Every line that includes the word "para" needs to be copied from the listing.

**RECORDS TO PROCESS**
-------
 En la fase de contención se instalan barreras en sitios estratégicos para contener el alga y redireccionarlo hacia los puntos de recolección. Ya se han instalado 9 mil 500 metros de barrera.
-------
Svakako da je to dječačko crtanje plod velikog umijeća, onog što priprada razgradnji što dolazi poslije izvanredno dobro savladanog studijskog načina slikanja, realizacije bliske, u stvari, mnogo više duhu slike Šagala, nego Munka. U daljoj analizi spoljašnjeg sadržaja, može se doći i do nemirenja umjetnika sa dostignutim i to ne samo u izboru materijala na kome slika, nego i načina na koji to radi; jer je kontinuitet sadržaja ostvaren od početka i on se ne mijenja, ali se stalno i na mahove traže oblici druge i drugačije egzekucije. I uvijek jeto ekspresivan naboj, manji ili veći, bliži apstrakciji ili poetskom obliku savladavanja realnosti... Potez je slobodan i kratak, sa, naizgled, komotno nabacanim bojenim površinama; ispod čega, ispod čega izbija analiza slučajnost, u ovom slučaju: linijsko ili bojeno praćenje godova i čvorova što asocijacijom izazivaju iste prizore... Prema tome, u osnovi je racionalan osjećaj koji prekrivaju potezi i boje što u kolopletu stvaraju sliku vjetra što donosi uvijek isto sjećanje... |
-------
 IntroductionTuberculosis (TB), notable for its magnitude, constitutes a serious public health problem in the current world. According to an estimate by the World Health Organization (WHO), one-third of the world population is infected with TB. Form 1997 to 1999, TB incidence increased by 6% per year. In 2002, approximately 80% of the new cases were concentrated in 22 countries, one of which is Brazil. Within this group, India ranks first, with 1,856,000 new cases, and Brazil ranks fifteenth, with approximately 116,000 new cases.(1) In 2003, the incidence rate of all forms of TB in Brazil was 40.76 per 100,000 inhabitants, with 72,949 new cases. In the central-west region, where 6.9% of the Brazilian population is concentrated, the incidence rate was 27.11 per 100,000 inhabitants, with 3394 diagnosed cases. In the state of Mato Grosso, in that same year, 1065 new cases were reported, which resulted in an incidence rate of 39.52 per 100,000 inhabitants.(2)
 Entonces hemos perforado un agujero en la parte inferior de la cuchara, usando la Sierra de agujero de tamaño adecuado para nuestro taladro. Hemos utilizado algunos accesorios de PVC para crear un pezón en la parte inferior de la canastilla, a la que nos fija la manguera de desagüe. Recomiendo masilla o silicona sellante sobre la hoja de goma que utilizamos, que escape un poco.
-------
**SOLUTION TO THIS EXERCISE**
 En la fase de contención se instalan barreras en sitios estratégicos para contener el alga y redireccionarlo hacia los puntos de recolección. Ya se han instalado 9 mil 500 metros de barrera.
 Entonces hemos perforado un agujero en la parte inferior de la cuchara, usando la Sierra de agujero de tamaño adecuado para nuestro taladro. Hemos utilizado algunos accesorios de PVC para crear un pezón en la parte inferior de la canastilla, a la que nos fija la manguera de desagüe. Recomiendo masilla o silicona sellante sobre la hoja de goma que utilizamos, que escape un poco.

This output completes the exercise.